§ **YOUR OBJECTIVE**
Copy task, pictures excluded: set down exactly the lines from the one containing "CRZ YOGA Butterluxe" to the end of the data below.

§ **SOURCE DATA**
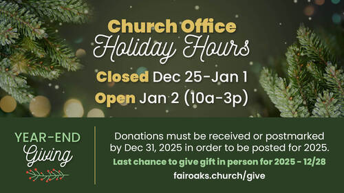 The church office will be closed December 25 - January 1 for the holidays. We will be open on Friday, January 2 (normal office hours: 10a-3p).
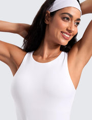 CRZ YOGA Butterluxe Womens Racerback Workout Tank Top with Built in Shelf Bra - Padded High Neck Yoga Athletic Camisole
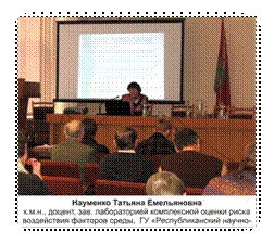 Науменко Татьяна Емельяновна, к.м.н., доцент, зав. лабораторией комплексной оценки риска воздействия факторов среды, ГУ «Республиканский научно-практический центр гигиены».

§ **ANSWER BOX**
 CRZ YOGA Butterluxe Womens Racerback Workout Tank Top with Built in Shelf Bra - Padded High Neck Yoga Athletic Camisole
 Науменко Татьяна Емельяновна, к.м.н., доцент, зав. лабораторией комплексной оценки риска воздействия факторов среды, ГУ «Республиканский научно-практический центр гигиены».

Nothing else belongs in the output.